Technique & Materials

The exacting hours at the easel are about keeping those inspired moments pure. Technique is about building a usable vocabulary that helps me explain my perceptions. Being knowledgeable in the correct applications of materials and using them in a craftsman-like manner extends my proficiency in keeping the inspired vision alive. It also helps connect me to the lineage of artists who got out of the studio and saw the significant power of Nature and tried to render their observation with really very humble and native stuff; linen, linseed oil, earth and natural pigments, wood, and hair. To draw from that is no mean feat and a constant challenge.

Influences

I have built a visual language around the painters of the 19th century American and European work that reflects similar concerns. They raised questions about the relationship of man and Nature and those questions are still valid, if not urgent, with increasing pressures from development and destruction of species and habitat.
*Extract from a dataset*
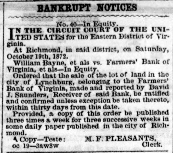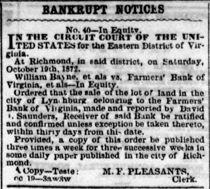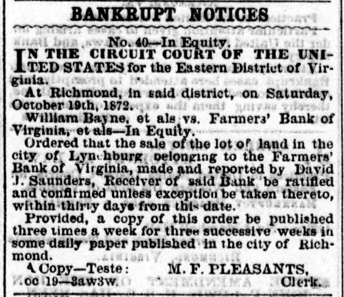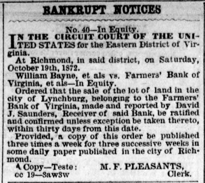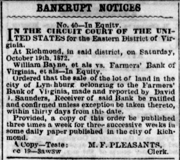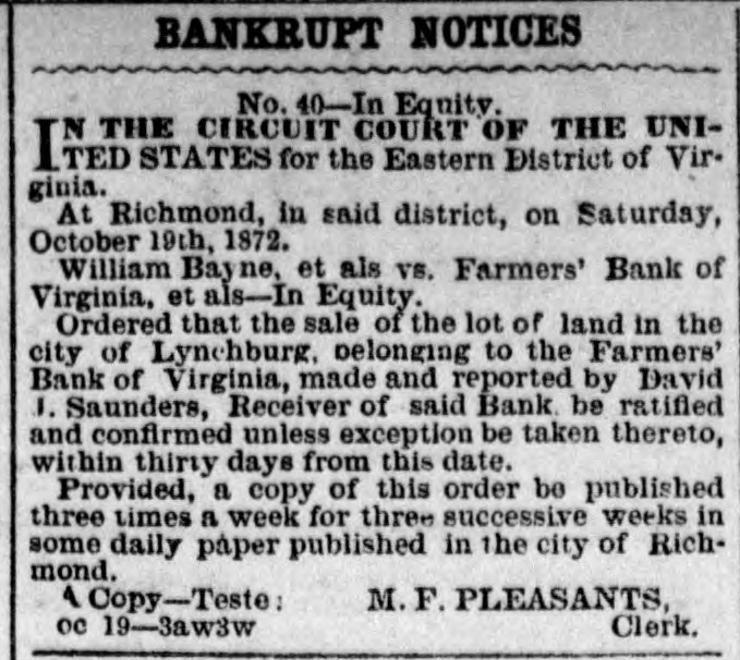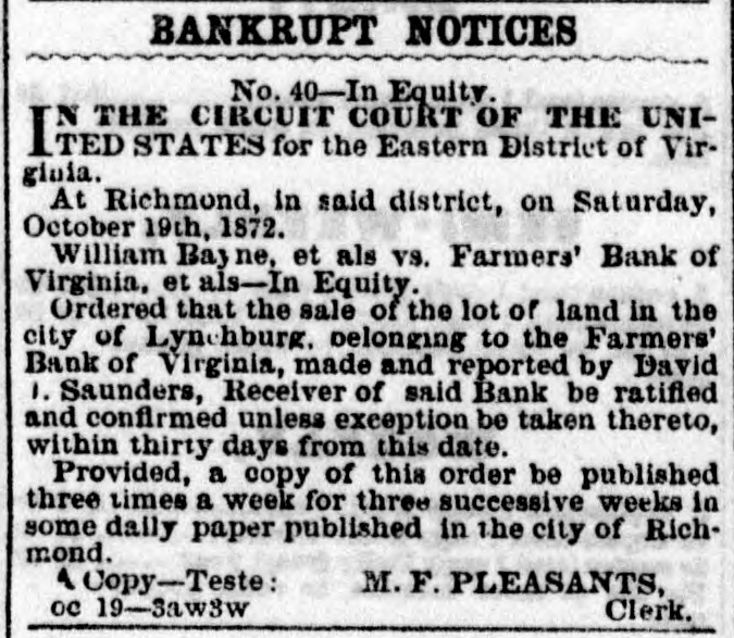 BANKRUPT NOTICES No. 40-In Equity. THE CIRCUIT COURT OF THE UNIITED STATES for the Eastern District of Virgioia. At Richmond, in said district, on Saturday, October 19th, 1872. William Bayne, et als V8. Farmers' Bank of Virginia, et als-In Equity. Ordered that the sale of the lot of land in the city of Lyn hburg belonging to the Farmers' Bank of Virginia, made and reported by David 1. Saunders, Receiver of said Bank be ratified and confirmed unless exception be taken thereto, within thirty days from thi- date. Provided, a copy of this order be published three times a week for three successive weeks in some daily paper published in the city of Richmond. 1 Copy-Teste: M. F. PLEASANTS, ne 19-Sawkw Clerk.

These influences include the Barbizon, Hudson River School, Dusseldorf School of German Naturalism, and especially Ivan I. Shiskin, the premier Russian landscape artist. While I attended art school at the Ringling College of Art and Design in Sarasota, Florida, I had to go my own way to be able to paint the way I intuitively sensed would serve my vision. Since the dominant mode of instruction was expressionist and non-objective in the mid 1980’s, I increasingly found I had to go outside of that academic environment to find what I needed and wanted by way of technical information and to develop my own way.

Foundations

Ultimately, I see myself as an American artist with roots that go deep in many directions. My family heritage is grounded in the southeast; one of my great-grandfathers was a cabinet maker who moved in 1842 from Germany to settle near Macon, Georgia. My grandfather took up photography very early and had his own commercial photography studio in old Cedar Key, Florida. My father and mother both worked in his studio (she hand colored portraits). They later had a photo-engraving business, so image making was part of family life. My mother’s grandfather was a blacksmith from Vermont: her father became an automobile mechanic during the transition from horse to roadster. I became more interested in drawing, fascinated by the challenge of rendering what I see, but grounded in a context of careful use of tools and materials and sensitivity to visual culture.